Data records
════════════════════

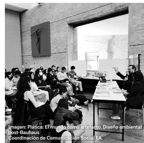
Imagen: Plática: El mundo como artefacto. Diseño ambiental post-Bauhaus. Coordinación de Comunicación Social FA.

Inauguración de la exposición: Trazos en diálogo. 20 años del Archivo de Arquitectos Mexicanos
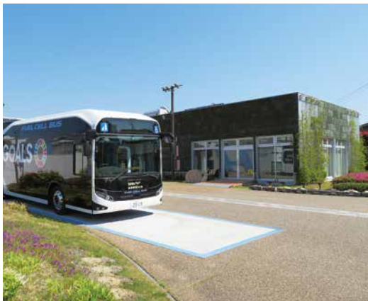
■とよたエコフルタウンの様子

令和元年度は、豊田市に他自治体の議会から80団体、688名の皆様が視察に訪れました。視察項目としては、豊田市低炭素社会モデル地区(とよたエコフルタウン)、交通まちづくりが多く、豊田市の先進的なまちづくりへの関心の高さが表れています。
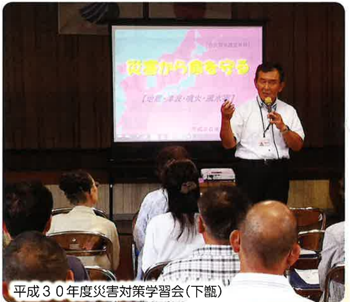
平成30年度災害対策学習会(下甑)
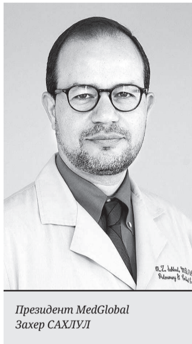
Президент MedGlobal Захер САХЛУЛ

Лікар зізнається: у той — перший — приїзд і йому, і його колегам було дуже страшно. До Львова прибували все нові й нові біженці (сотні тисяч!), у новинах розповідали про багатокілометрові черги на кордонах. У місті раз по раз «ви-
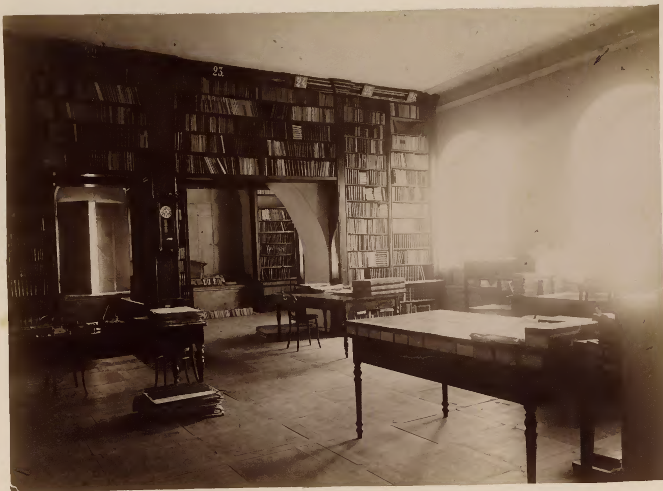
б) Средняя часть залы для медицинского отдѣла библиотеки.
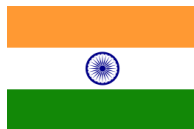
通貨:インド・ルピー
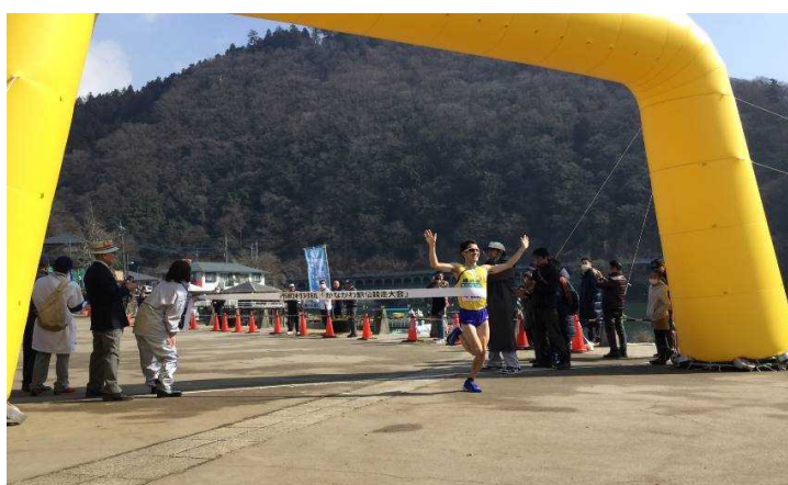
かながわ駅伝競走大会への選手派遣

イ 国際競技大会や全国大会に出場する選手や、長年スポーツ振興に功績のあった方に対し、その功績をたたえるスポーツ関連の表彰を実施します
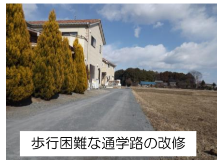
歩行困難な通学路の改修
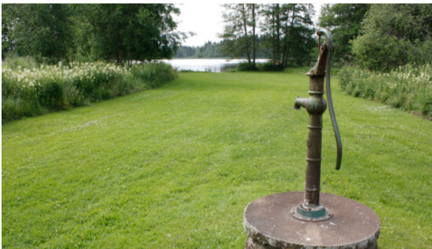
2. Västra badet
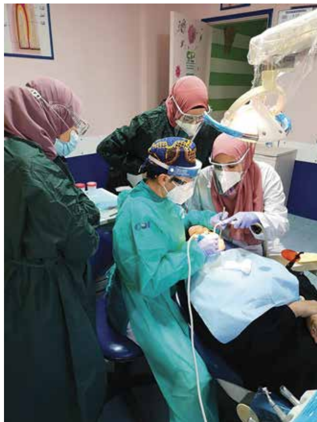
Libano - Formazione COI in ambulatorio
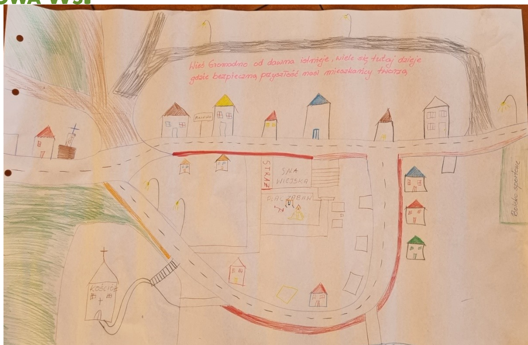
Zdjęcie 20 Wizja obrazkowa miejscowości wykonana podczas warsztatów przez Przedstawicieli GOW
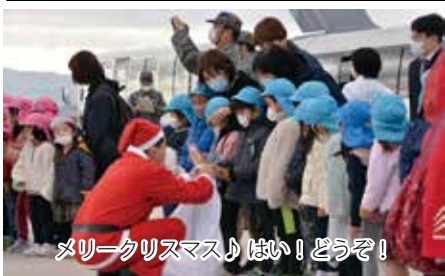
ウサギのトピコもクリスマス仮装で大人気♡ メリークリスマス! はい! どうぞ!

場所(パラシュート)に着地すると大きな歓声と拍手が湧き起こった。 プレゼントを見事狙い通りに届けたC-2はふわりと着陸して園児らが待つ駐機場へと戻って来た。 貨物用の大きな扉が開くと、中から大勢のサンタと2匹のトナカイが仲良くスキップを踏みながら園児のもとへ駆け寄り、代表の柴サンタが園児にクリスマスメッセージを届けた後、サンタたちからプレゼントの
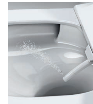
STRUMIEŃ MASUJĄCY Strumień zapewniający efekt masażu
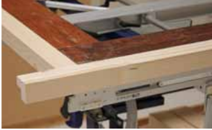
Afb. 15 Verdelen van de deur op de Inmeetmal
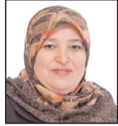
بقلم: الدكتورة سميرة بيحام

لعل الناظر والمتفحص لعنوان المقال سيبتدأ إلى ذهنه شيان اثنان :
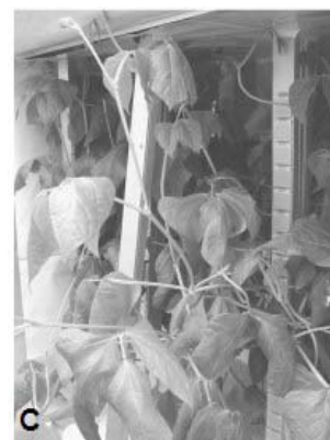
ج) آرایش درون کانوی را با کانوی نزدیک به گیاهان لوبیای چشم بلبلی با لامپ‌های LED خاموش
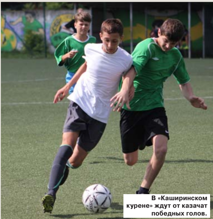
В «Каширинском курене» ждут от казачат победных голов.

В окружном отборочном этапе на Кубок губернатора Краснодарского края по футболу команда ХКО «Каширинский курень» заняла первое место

════════════════════

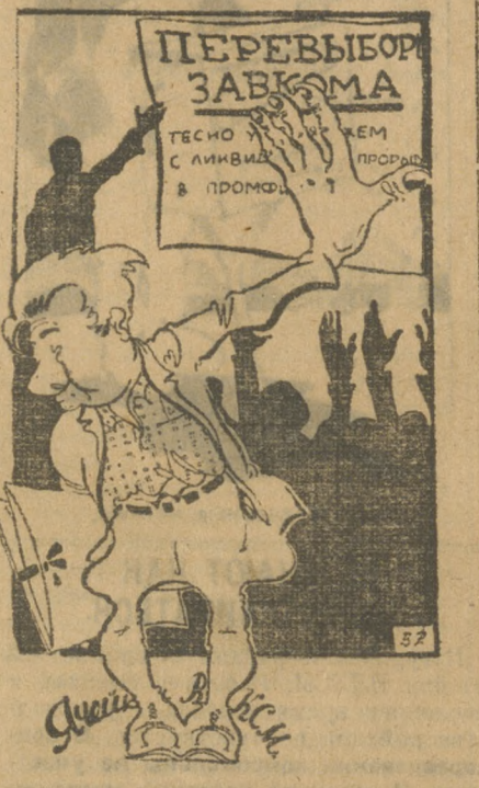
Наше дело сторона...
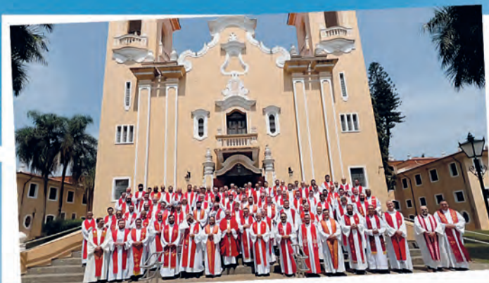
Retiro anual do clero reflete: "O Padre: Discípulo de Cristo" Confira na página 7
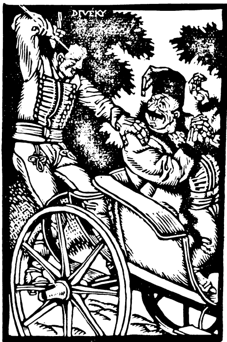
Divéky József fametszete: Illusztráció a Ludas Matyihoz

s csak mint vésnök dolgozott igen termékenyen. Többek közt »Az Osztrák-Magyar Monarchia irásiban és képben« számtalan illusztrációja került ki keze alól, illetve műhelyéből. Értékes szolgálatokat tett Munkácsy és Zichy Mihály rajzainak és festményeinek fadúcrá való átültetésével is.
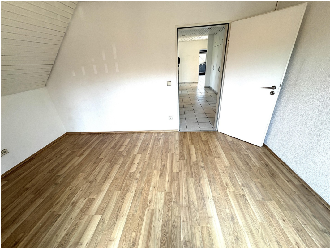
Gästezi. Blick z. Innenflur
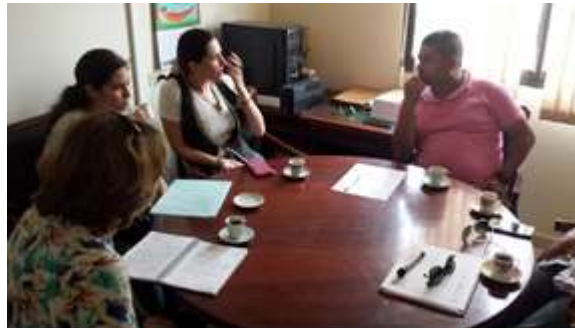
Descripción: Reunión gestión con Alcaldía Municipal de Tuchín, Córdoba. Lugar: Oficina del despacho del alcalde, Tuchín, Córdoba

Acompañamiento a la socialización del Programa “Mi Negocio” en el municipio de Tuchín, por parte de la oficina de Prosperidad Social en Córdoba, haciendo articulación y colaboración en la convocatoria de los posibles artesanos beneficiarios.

════════════════════

What is needed —
Copy nothing but the lines above that run from the one with "Imagen: Plática: El" to the one with "ウサギのトピコもクリスマス仮装で大人気♡ メリークリスマス! はい! どうぞ!", ends included; pictures stay out.

Solution below —
Imagen: Plática: El mundo como artefacto. Diseño ambiental post-Bauhaus. Coordinación de Comunicación Social FA.

Inauguración de la exposición: Trazos en diálogo. 20 años del Archivo de Arquitectos Mexicanos
■とよたエコフルタウンの様子

令和元年度は、豊田市に他自治体の議会から80団体、688名の皆様が視察に訪れました。視察項目としては、豊田市低炭素社会モデル地区(とよたエコフルタウン)、交通まちづくりが多く、豊田市の先進的なまちづくりへの関心の高さが表れています。
平成30年度災害対策学習会(下甑)
Президент MedGlobal Захер САХЛУЛ

Лікар зізнається: у той — перший — приїзд і йому, і його колегам було дуже страшно. До Львова прибували все нові й нові біженці (сотні тисяч!), у новинах розповідали про багатокілометрові черги на кордонах. У місті раз по раз «ви-
б) Средняя часть залы для медицинского отдѣла библиотеки.
通貨:インド・ルピー
かながわ駅伝競走大会への選手派遣

イ 国際競技大会や全国大会に出場する選手や、長年スポーツ振興に功績のあった方に対し、その功績をたたえるスポーツ関連の表彰を実施します
歩行困難な通学路の改修
2. Västra badet
Libano - Formazione COI in ambulatorio
Zdjęcie 20 Wizja obrazkowa miejscowości wykonana podczas warsztatów przez Przedstawicieli GOW
ウサギのトピコもクリスマス仮装で大人気♡ メリークリスマス! はい! どうぞ!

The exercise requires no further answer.